Information given below:

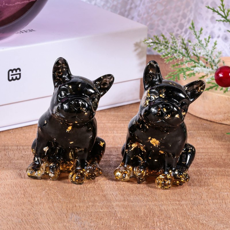 - French Bulldog Puppy Sitting Figurine: The cute dog figurine is made of crystal chip stones and resin. It is designed to sit stably on the table as if listening to your conversation. Different material for you to choose. The golden foils makes it shinny and eye-catching for decor.
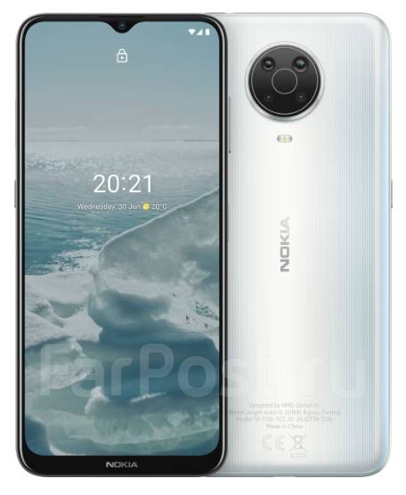Смартфон Nokia G20 выполнен в прочном поликарбонатном корпусе, устойчивом к повреждениям. На дисплее 6.5 дюйма IPS с разрешением 1600x720 пикселей и соотношением сторон 20:9 отображается реалистичная картинка. Тыловая (48+5+2+2 Мп) и фронтальная (8 Мп) камеры способны запечатлевать снимки с хорошими показателями детализации и красочности в любых условиях. Среди прочих особенностей отмечаются сканер отпечатков пальцев, проводные и беспроводные коммуникации, ряд датчиков и продолжительная автономность на основе аккумулятора 5050 мА*ч.
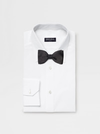 The black silk bowtie is an essential accessory for formal evening wear. INFO For special occasions, choose the black silk bowtie. The pure, natural material lends its unmistakable finish to this timeless accessory. PRODUCT CODE E8D60T-4PL-BK1 MATERIALS AND CARE 100% Mulberry Silk Do not wash. Do not bleach. Do not dry clean. Do not tumble dry. Do not iron. FIT AND PRODUCT DETAILS • Zegna Logo • Made in Italy
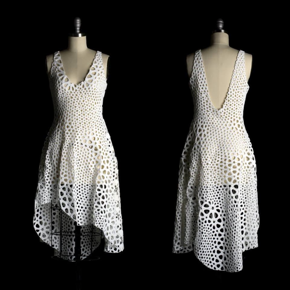 The dress is composed of small, interconnected units that move freely to fit the body.
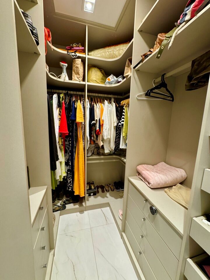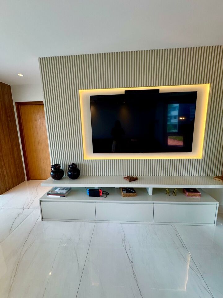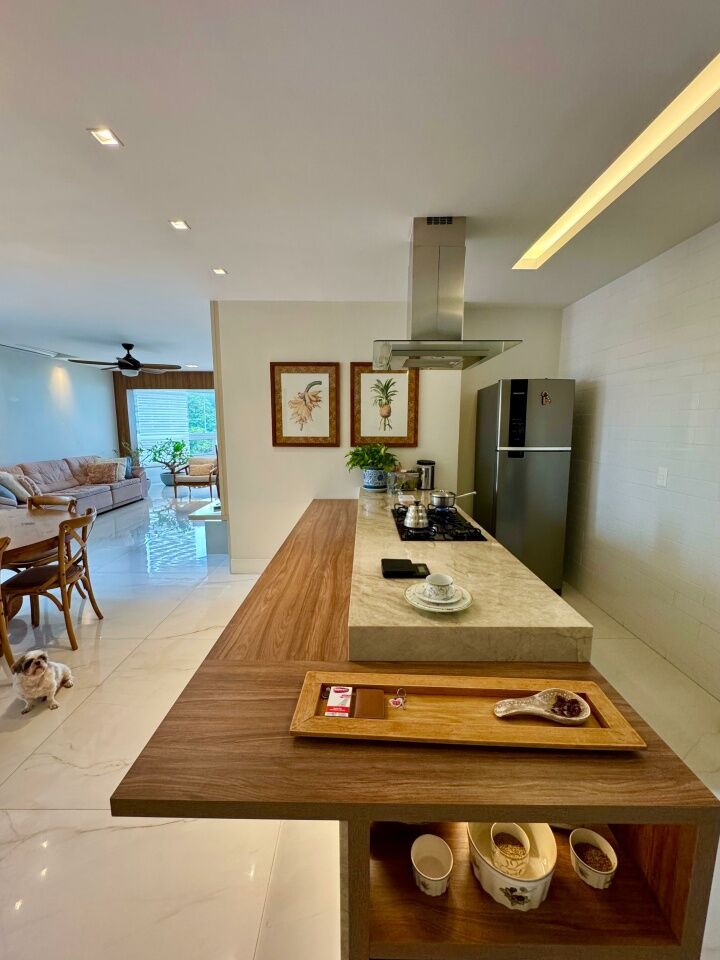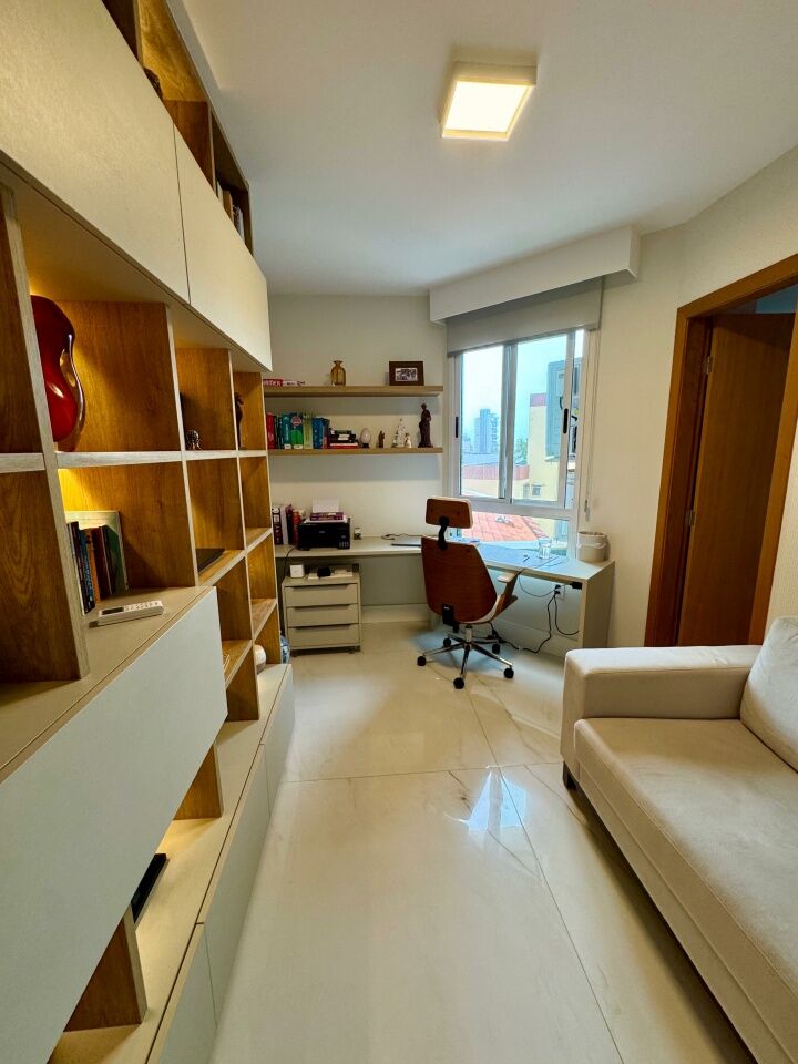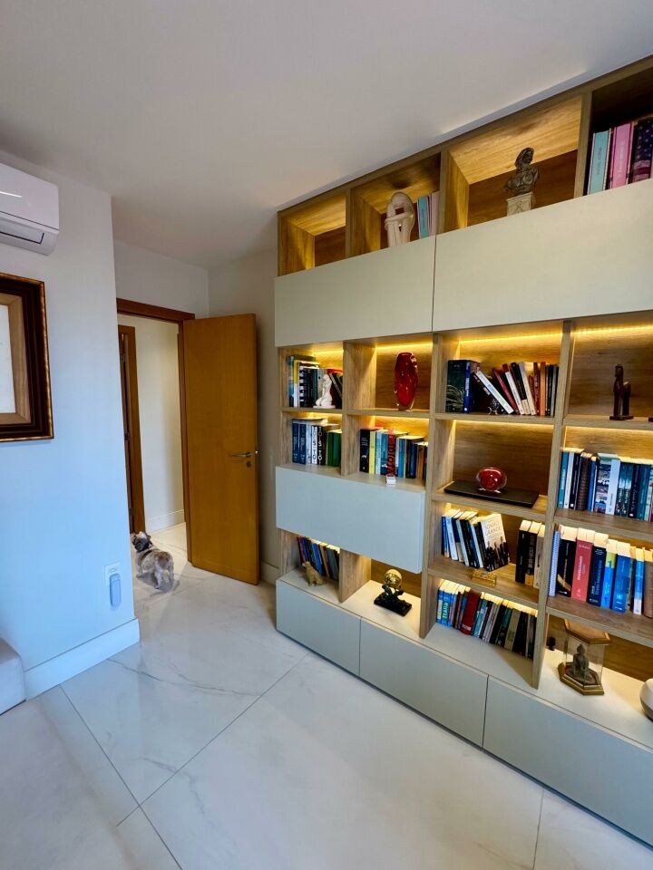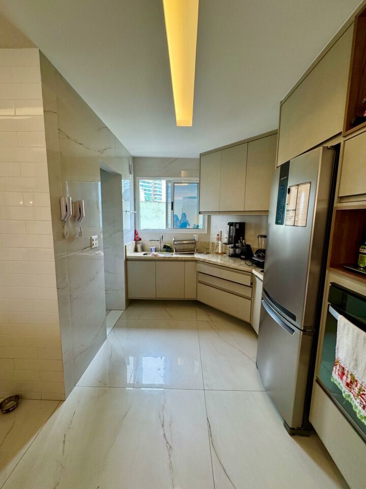 Excelente apartamento, nascente, finamente decorado, de 185m², com 4 quartos, 4 suítes, closet, piso em porcelanato, gabinete, varanda canadense, incorporada com fechamento em reiki, living amplo, sala de estar, sala de jantar, lavabo, armários planejados Romanzza em todos os cômodos, ambientes climatizados, roupeiro, projeto de iluminação, teto com rebaixamento em gesso, cozinha em ilha com coifa flutuante, dependência completa, andar baixo, vista mar frontal, e três vagas de garagem cobertas, mais depósito.

End of Information given.

What to produce: Transcribe the listing exactly; skip the pictures.

Answer:
 - French Bulldog Puppy Sitting Figurine: The cute dog figurine is made of crystal chip stones and resin. It is designed to sit stably on the table as if listening to your conversation. Different material for you to choose. The golden foils makes it shinny and eye-catching for decor.
Смартфон Nokia G20 выполнен в прочном поликарбонатном корпусе, устойчивом к повреждениям. На дисплее 6.5 дюйма IPS с разрешением 1600x720 пикселей и соотношением сторон 20:9 отображается реалистичная картинка. Тыловая (48+5+2+2 Мп) и фронтальная (8 Мп) камеры способны запечатлевать снимки с хорошими показателями детализации и красочности в любых условиях. Среди прочих особенностей отмечаются сканер отпечатков пальцев, проводные и беспроводные коммуникации, ряд датчиков и продолжительная автономность на основе аккумулятора 5050 мА*ч.
 The black silk bowtie is an essential accessory for formal evening wear. INFO For special occasions, choose the black silk bowtie. The pure, natural material lends its unmistakable finish to this timeless accessory. PRODUCT CODE E8D60T-4PL-BK1 MATERIALS AND CARE 100% Mulberry Silk Do not wash. Do not bleach. Do not dry clean. Do not tumble dry. Do not iron. FIT AND PRODUCT DETAILS • Zegna Logo • Made in Italy
 The dress is composed of small, interconnected units that move freely to fit the body.
 Excelente apartamento, nascente, finamente decorado, de 185m², com 4 quartos, 4 suítes, closet, piso em porcelanato, gabinete, varanda canadense, incorporada com fechamento em reiki, living amplo, sala de estar, sala de jantar, lavabo, armários planejados Romanzza em todos os cômodos, ambientes climatizados, roupeiro, projeto de iluminação, teto com rebaixamento em gesso, cozinha em ilha com coifa flutuante, dependência completa, andar baixo, vista mar frontal, e três vagas de garagem cobertas, mais depósito.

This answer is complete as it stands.